Right now i believe it's still under construction :-D Shaggy should have it set up in no time


----------



## TheOldSalt (Jan 28, 2005)

Still under construction, yes.

We are getting yet another new feature here at FishForums soon, and maybe another one soon after that.

Pictures of the month! Tank-of-the-month, fish-of-the-month, that sort of thing. We're still working on the details of it. This is going to be a bit tricky, software-wise, on account of the way this is planned to work. Only the judges will be able to see the submitted pics, and the winner(s) will be unveiled each month to public view.

Wait 'til you see what else is in store...nothing else like it on the internet. IF we can make it happen, that is. Top-secret for now though; can't let anyone else beat us to it.


----------



## craftyflalady (Jan 25, 2006)

I agree Baby! Keep up the good work! This place just keeps getting better and better! 

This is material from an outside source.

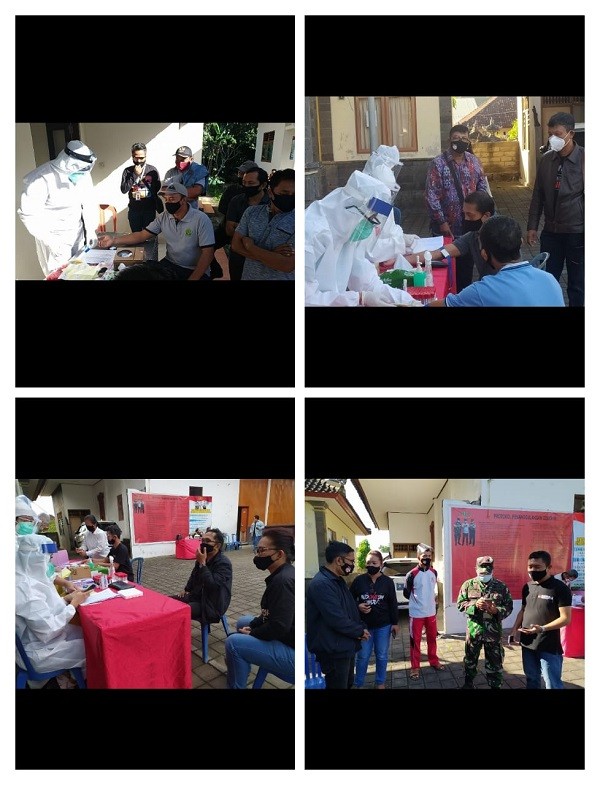 KPU Tabanan, Dangin Carik – Dalam rangka Pemilihan Bupati dan Wakil Bupati Tabanan 2020 dan untuk memastikan seluruh Anggota dan Sekretariat Panitia Pemungutan Suara (PPS) Se-Kabupaten Tabanan dalam keadaan sehat serta sebagai upaya pencegahan Covid-19, dilaksanakan Pemeriksaan Rapid Test terhadap Anggota dan Sekretariat PPS Se-Kecamatan Kediri, bertempat di Kantor Camat Kediri, Minggu, (26/07/2020). Tampak Ketua KPU Tabanan, I Gede Putu Weda Subawa, Komisioner KPU Tabanan, Ni Putu Suaryani, Sekretaris KPU Tabanan, I Nyoman Swandika, didampingi Pegawai Sekretariat KPU Tabanan, memantau jalannya Rapid Test. Pelaksanaan pemeriksaan Rapid Test terhadap PPS di masing-masing Kecamatan telah berlangsung sejak hari kamis tanggal 23 Juli 2020 dan akan berakhir pada hari sabtu tanggal 1 Agustus 2020. Kemarin tepatnya hari Sabtu tanggal 25 Juli 2020, Komisioner KPU Tabanan, I Ketut Sugina, bersama Sekretaris KPU Tabanan didampingi Pegawai Sekretariat KPU Tabanan memantau pelaksanaan Rapid Test di Kecamatan Selemadeg. Total PPS Kecamatan Selemadeg yang mengikuti Rapid Test adalah 60 Orang, yang hadir 59, tidak hadir 1 karena Sakit. Dapat Kami informasikan bahwa terdapat PPS dari Kecamatan Selemadeg Barat yang ikut Rapid Test di Kecamatan Selemadeg, karena pada saat pelaksanaan Rapid Test sebelumnya yang bersangkutan berhalangan hadir. “Untuk menunjukan bahwa Kita siap menjadi PPS, karena Rapid Test merupakan syarat bagi PPS untuk mengetahui Kita dalam keadaan sehat serta sebagai upaya pencegahan Covid-19, supaya dalam melaksanakan tugas sebagai PPS menjadi lebih baik,” ucap Ni Wayan Murdani, salah satu PPS asal Desa Nyitdah,Kediri, saat dimintai keterangan. Ni Putu Eka Yunita, salah satu Petugas Medis yang ikut melakukan pemeriksaan Rapid Test terhadap PPS di Kecamatan Kediri, saat diwawancarai mengatakan, “Kami dari Pihak Badan Rumah Sakit Umum Daerah (BRSUD) Tabanan telah menyelesaikan Pemeriksaan Rapid Test di Kecamatan Kediri, Total pasien 90 Orang, yang tidak hadir 6 Orang, jadi keseluruhan yang hadir adalah 84 Orang.” Ketidakhadiran PPS dalam Rapid Test di Kecamatan Kediri karena Sakit dan sebab lainnya. “PPS yang berhalangan hadir, baik karena sakit maupun dikarenakan hal lainnya saat pelaksanaan Rapid Test di masing-masing kecamatan, dapat mengikuti Pemeriksaan Rapid Test pada pelaksanaan Rapid Test di kecamatan lainnya atau bisa datang langsung ke BRSUD Tabanan,” terang I Gede Putu Weda Subawa. Dalam pelaksanaan Rapid Test di masing-masing Kecamatan yang telah berjalan, terlihat Panitia Pemilihan Kecamatan (PPK) mendampingi KPU Tabanan dalam monitoring serta dari Panitia Pengawas Kecamatan (Panwascam) maupun Pengawas di tingkat Desa melakukan Pengawasan. Kegiatan yang dilaksanakan dalam situasi Pandemi Covid-19 atau Virus Corona ini, tetap memperhatikan Protokol Kesehatan seperti physical distancing atau menjaga jarak fisik dan dengan menggunakan masker.

Just wondering...who are the judges of the pics? MODS? Do they take gifts? lol ;-) just kidding....


----------



## leveldrummer (May 27, 2005)

i dont think someone beating you to it is an issue, no matter who gets it first, this will still be my home. easily my favorite place to go.


----------



## Fishystarter (Feb 26, 2006)

Yes 
it should be ready soon


----------



## Osiris (Jan 18, 2005)

I will make "special" brownies just for the judges


----------



## Lydia (Feb 6, 2005)

Fishystarter said:


> Yes
> it should be ready soon



What do you mean?


----------



## goodie (Sep 2, 2005)

MalawianPro said:


> I will make "special" brownies just for the judges



Hey! Thats not fair! No bribes! ( How do I become a judge?:lol: )


----------



## Georgia Peach (Sep 23, 2005)

leveldrummer said:


> i dont think someone beating you to it is an issue, no matter who gets it first, this will still be my home. easily my favorite place to go.


totally agree with you on this one! When I got back into the fish hobby a while back, I joined several boards - NONE are like this one - this is the only one I frequent now.. accept for a couple of yahoo groups..


----------



## Osiris (Jan 18, 2005)

I tried posting like lots said but couldnt, not ready, am i allowed to post pics?


----------



## flamingo (Nov 5, 2005)

ooohh....got get out my "secret agent" spy kit....




sounds cool!


----------



## TheOldSalt (Jan 28, 2005)

It should be working now, as mentioned in the newest announcement. If it isn't, then let us know.


----------